▶ Task material:
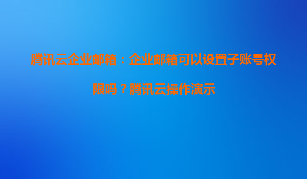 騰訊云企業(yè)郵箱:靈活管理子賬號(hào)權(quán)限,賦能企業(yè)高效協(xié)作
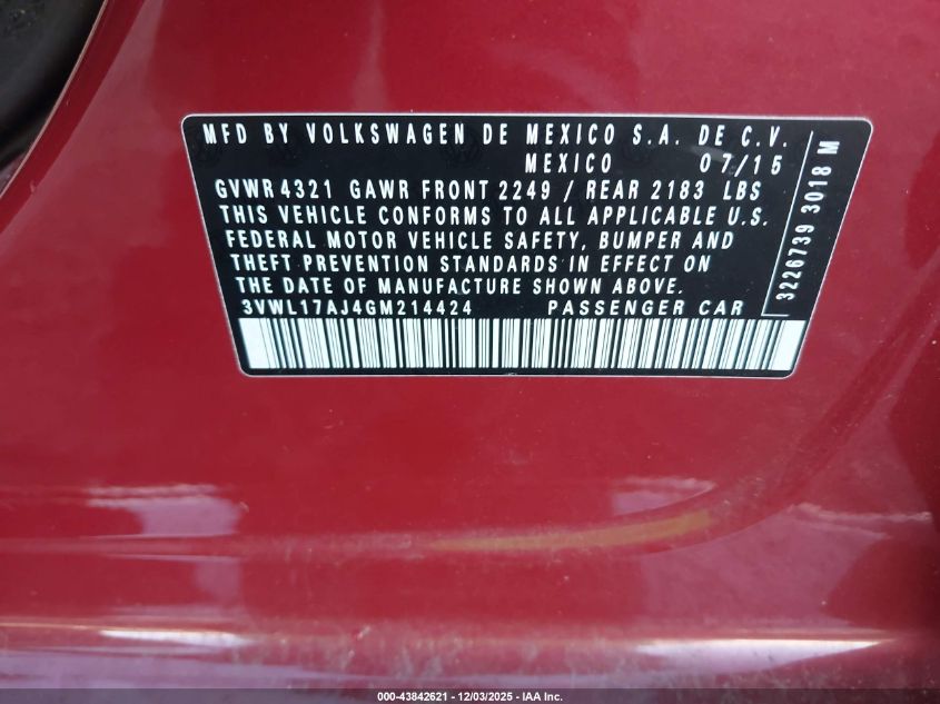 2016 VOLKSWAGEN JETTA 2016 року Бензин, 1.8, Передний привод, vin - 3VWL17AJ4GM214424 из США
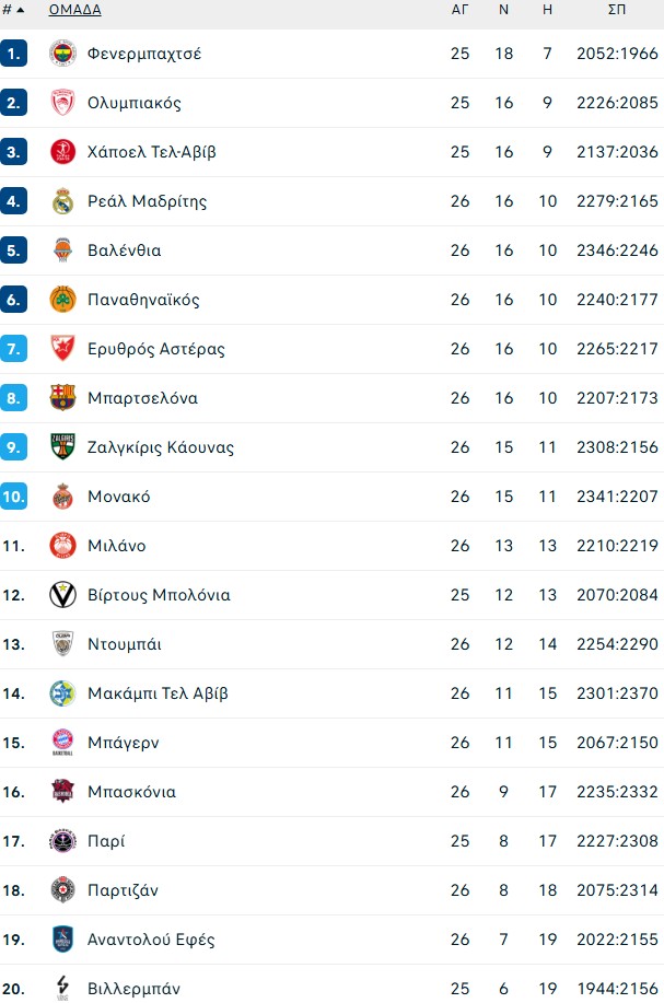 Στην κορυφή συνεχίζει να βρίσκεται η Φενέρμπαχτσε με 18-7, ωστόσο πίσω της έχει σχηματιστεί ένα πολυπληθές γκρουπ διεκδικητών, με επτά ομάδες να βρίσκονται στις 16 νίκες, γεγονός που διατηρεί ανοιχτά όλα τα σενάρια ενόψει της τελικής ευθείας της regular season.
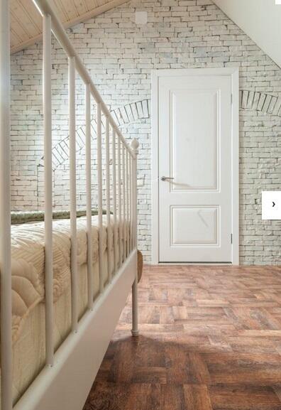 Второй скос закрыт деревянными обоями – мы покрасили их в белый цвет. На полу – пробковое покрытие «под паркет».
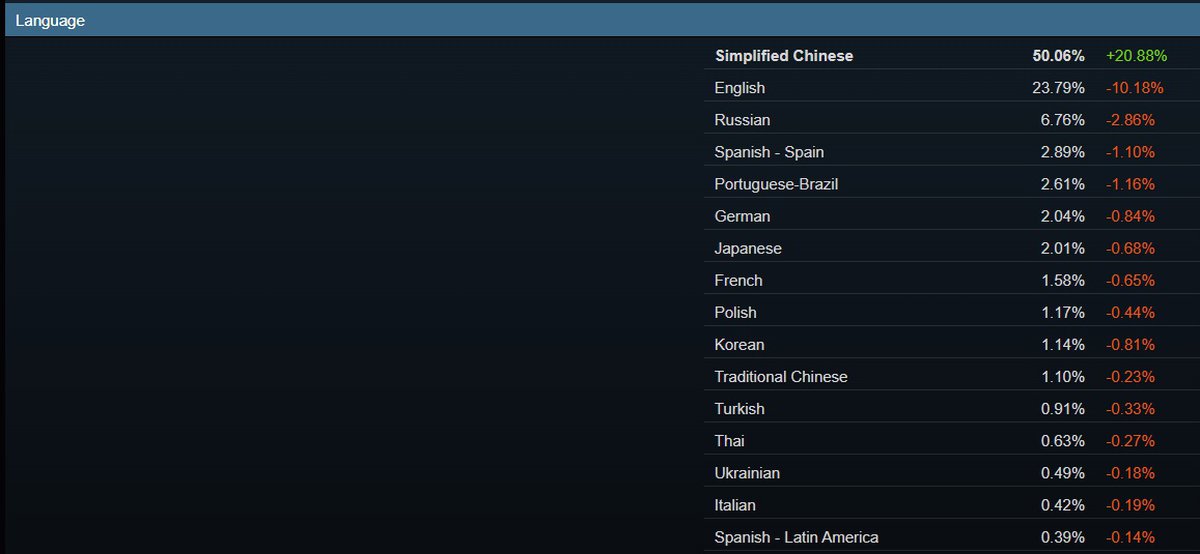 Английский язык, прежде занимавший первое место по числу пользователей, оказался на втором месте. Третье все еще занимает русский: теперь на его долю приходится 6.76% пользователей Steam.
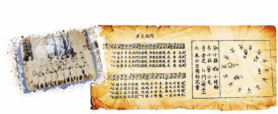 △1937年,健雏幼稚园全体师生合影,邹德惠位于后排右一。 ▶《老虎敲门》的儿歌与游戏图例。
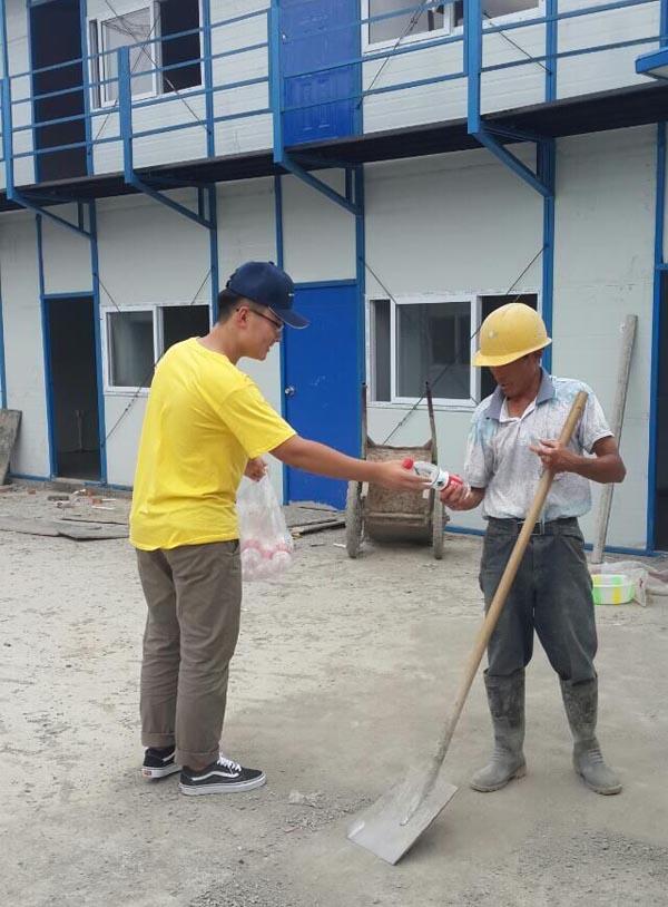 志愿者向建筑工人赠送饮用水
* * *
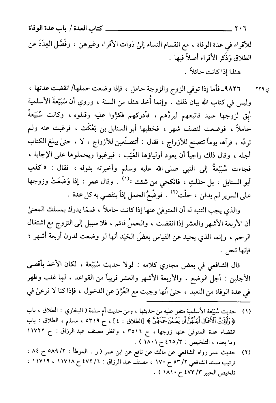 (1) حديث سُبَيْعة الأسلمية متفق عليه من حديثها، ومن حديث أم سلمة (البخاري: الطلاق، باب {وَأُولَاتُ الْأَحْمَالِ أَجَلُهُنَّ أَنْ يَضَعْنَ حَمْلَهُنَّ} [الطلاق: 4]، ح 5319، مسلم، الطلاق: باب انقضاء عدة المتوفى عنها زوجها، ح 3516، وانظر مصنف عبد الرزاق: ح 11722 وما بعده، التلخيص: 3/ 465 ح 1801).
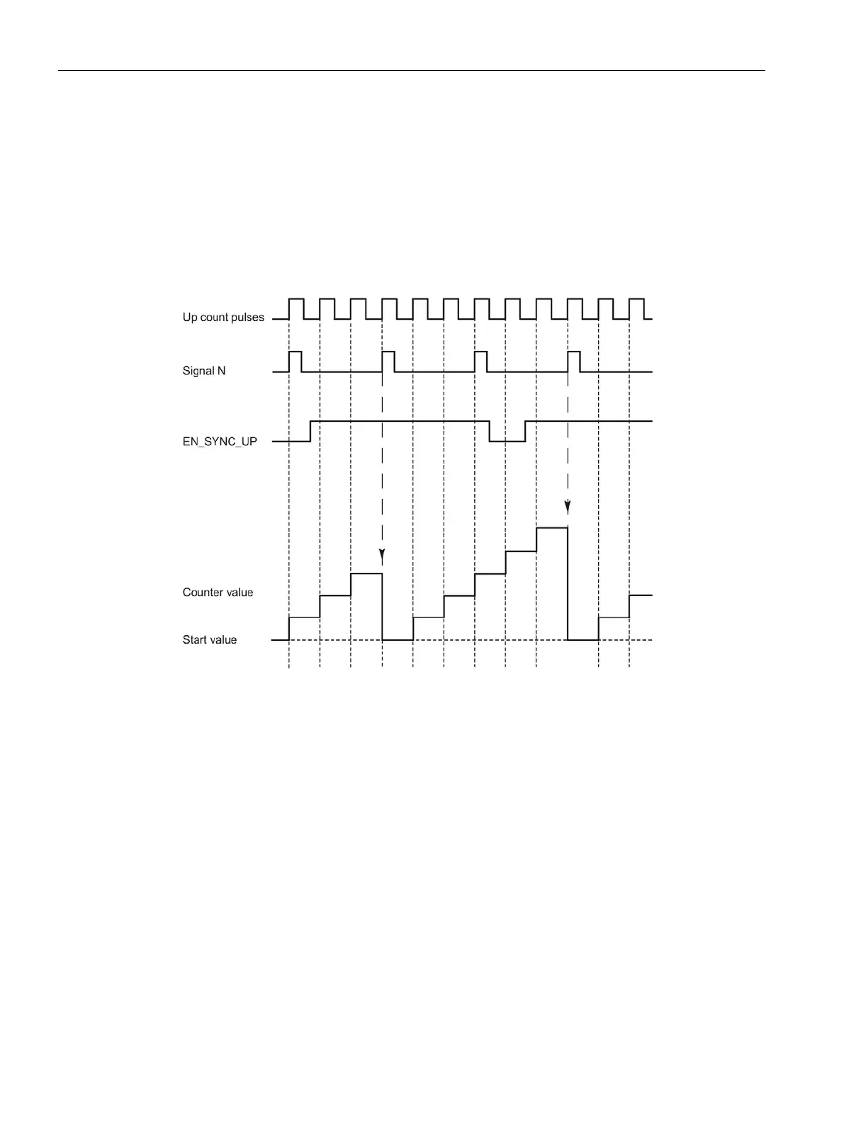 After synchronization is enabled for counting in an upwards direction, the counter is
...
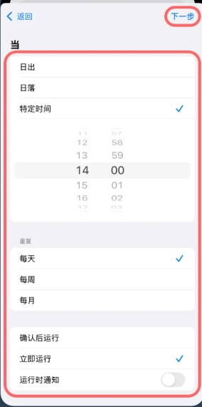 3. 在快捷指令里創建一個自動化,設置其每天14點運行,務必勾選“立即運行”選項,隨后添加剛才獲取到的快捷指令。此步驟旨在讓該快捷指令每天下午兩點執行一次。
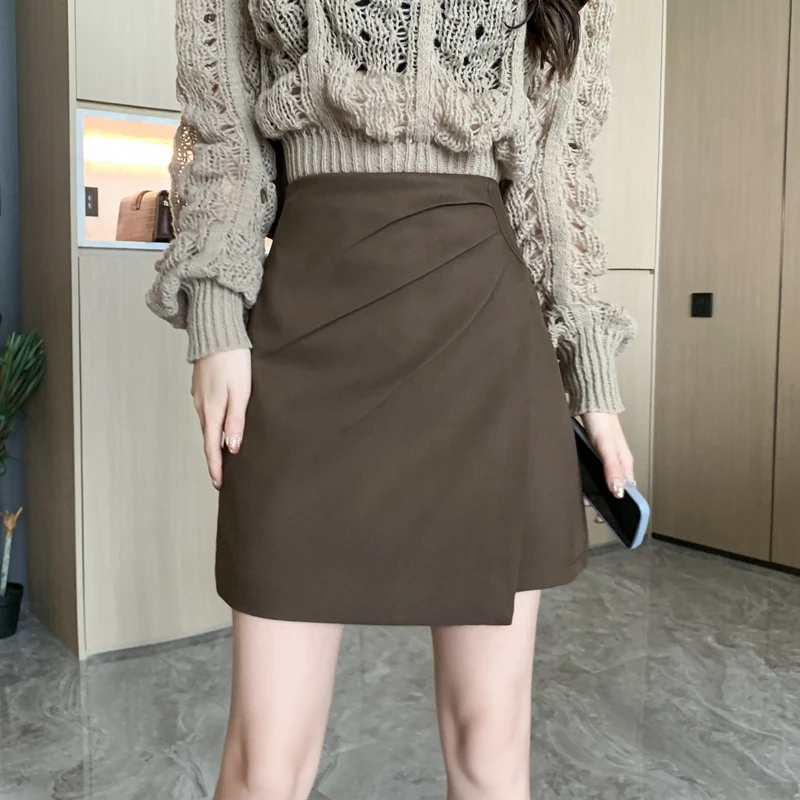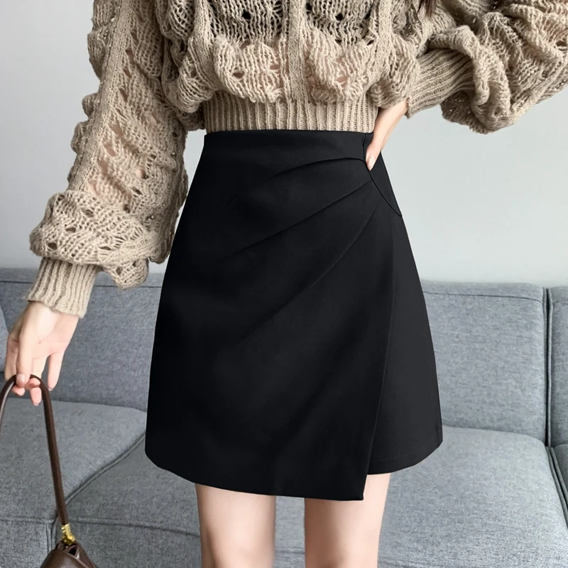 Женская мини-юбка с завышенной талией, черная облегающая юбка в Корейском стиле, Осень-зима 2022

▶ Task statement: Print the part of the listing above that opens with the line containing "2016 VOLKSWAGEN JETTA" and closes with the line containing "志愿者向建筑工人赠送饮用水". Copy it exactly, both ends included, and omit the pictures.

▶ Response area:
 2016 VOLKSWAGEN JETTA 2016 року Бензин, 1.8, Передний привод, vin - 3VWL17AJ4GM214424 из США
 Στην κορυφή συνεχίζει να βρίσκεται η Φενέρμπαχτσε με 18-7, ωστόσο πίσω της έχει σχηματιστεί ένα πολυπληθές γκρουπ διεκδικητών, με επτά ομάδες να βρίσκονται στις 16 νίκες, γεγονός που διατηρεί ανοιχτά όλα τα σενάρια ενόψει της τελικής ευθείας της regular season.
 Второй скос закрыт деревянными обоями – мы покрасили их в белый цвет. На полу – пробковое покрытие «под паркет».
 Английский язык, прежде занимавший первое место по числу пользователей, оказался на втором месте. Третье все еще занимает русский: теперь на его долю приходится 6.76% пользователей Steam.
 △1937年,健雏幼稚园全体师生合影,邹德惠位于后排右一。 ▶《老虎敲门》的儿歌与游戏图例。
 志愿者向建筑工人赠送饮用水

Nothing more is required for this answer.